Ollie Hill

Personal information
- Nationality: British
- Born: Oliver Hall 8 May 1989 (age 37)

Sport
- Country: United Kingdom
- Sport: Snowboarding

Achievements and titles
- Paralympic finals: 2022
- World finals: 2021

Medal record
Men's Snowboarding
Representing Great Britain
Winter Paralympic Games
| Bronze medal – third place | 2022 Beijing | Banked slalom |
World Championships
| Bronze medal – third place | 2021 Lillehammer | Team |

= Ollie Hill =

British snowboarder (born 1989)

Oliver Hill (born 8 May 1989) is a British para-snowboarder and former motorcycle racer. He competes in snowboarding events for athletes with lower limb disabilities.
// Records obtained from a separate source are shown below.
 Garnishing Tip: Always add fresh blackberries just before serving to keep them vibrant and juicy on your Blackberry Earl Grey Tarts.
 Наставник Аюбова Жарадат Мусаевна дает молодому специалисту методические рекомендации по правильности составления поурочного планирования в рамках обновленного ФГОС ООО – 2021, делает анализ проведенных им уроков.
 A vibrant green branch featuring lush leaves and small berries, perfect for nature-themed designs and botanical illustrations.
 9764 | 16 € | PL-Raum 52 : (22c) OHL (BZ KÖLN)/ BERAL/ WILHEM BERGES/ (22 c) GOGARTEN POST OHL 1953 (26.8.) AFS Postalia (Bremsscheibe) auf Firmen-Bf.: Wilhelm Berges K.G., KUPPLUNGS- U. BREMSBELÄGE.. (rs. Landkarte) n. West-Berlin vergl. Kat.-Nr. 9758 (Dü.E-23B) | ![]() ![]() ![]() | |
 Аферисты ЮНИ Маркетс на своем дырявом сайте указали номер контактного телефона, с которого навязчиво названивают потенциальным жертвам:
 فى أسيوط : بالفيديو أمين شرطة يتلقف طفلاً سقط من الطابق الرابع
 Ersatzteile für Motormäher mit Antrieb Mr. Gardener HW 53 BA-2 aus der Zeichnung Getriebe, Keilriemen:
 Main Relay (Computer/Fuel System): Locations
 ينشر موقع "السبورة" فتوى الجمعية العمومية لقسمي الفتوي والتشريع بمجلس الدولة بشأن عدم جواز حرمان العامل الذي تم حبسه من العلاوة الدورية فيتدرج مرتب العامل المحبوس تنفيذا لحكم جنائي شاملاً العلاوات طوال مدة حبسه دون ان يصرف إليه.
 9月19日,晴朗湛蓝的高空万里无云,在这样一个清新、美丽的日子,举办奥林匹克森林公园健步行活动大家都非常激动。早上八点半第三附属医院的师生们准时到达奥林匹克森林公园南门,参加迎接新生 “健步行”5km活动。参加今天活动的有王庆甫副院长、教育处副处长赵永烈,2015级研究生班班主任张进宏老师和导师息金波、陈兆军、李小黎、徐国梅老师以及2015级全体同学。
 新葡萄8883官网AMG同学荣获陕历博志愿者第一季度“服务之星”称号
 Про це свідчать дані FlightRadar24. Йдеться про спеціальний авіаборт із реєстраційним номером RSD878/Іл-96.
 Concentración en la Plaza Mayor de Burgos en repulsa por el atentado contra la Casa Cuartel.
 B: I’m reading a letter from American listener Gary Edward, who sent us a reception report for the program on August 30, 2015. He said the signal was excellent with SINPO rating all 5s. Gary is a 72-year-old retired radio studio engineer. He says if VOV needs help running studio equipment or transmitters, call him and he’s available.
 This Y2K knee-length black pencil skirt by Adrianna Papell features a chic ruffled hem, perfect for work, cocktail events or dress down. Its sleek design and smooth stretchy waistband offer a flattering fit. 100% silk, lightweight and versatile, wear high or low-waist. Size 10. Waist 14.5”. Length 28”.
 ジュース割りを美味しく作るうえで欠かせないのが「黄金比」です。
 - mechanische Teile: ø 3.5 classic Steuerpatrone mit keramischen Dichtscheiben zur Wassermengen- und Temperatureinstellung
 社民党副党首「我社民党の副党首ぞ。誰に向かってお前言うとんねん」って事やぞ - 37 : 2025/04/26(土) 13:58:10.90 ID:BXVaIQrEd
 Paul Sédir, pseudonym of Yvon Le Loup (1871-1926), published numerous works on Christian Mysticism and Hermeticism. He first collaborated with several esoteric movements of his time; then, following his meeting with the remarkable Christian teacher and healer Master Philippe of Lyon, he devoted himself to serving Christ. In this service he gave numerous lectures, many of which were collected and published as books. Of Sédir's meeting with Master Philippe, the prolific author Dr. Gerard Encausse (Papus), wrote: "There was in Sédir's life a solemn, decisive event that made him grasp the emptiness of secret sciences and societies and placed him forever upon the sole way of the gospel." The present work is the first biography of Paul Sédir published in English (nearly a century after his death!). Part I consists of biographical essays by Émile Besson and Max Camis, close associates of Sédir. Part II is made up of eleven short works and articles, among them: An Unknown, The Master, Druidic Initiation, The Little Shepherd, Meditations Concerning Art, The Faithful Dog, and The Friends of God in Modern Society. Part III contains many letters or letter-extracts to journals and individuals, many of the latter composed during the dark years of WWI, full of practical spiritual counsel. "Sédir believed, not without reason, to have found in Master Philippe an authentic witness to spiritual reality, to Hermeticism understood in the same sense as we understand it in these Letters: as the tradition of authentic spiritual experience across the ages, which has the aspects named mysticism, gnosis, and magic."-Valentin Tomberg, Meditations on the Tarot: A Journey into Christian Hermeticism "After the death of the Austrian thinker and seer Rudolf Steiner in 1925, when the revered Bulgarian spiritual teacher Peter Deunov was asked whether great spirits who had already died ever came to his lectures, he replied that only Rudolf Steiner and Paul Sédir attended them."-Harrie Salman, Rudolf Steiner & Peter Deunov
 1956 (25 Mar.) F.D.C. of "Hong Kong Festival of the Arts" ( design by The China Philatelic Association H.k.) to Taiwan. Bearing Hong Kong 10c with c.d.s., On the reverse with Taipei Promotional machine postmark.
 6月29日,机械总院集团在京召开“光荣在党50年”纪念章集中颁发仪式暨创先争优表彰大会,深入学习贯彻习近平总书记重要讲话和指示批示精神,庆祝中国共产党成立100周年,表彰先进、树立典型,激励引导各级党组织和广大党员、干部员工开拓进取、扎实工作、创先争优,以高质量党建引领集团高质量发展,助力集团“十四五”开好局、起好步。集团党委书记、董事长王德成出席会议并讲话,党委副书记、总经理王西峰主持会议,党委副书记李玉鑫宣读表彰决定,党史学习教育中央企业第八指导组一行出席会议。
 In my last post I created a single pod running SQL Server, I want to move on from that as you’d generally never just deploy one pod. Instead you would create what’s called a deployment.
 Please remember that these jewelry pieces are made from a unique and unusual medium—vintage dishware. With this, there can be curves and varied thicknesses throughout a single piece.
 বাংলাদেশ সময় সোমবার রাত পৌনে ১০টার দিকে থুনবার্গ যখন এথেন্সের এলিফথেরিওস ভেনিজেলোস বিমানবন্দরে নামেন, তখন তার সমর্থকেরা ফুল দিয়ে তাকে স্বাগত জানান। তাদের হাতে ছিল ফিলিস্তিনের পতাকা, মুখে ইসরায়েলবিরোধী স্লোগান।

Hill came third in the banked slalom events at the 2022 Winter Paralympics and 2021 World Para Snow Sports Championships.

==Early life==
Hill is from Reading, England. He began snowboarding at the age of eight, and later also competed in motocross, and the Triumph Triple Challenge superbike competition. In December 2018, he was involved in a car accident which resulted in his right leg being amputated. In March 2019, he received a prosthetic leg.

==Career==
Hill competes in snowboarding events for athletes with lower limb disabilities. In 2020, Hill joined GB Snowsport. He came second at the 2020-21 World Cup event in Pyhätunturi, behind fellow Briton James Barnes-Miller. Hill finished second overall in the 2021 World Para Snowboard World Cup, with a best finish of second at an event in Colere, Italy. At the 2021 World Para Snow Sports Championships held in Lillehammer, Norway, Hill and Barnes-Miller won the bronze medal in the men's team event. He also came fourth in the individual banked slalom event, after losing the bronze-medal race to Australian Ben Tudhope.

At the 2022 Winter Paralympics, he won the bronze medal in the banked slalom event. He was the first Briton to win a snowboarding medal at the Paralympics. He was third after the first run in the event, and did not improve on his second run. During the Paralympics, Hill had switched off his phone and chosen to avoid social media.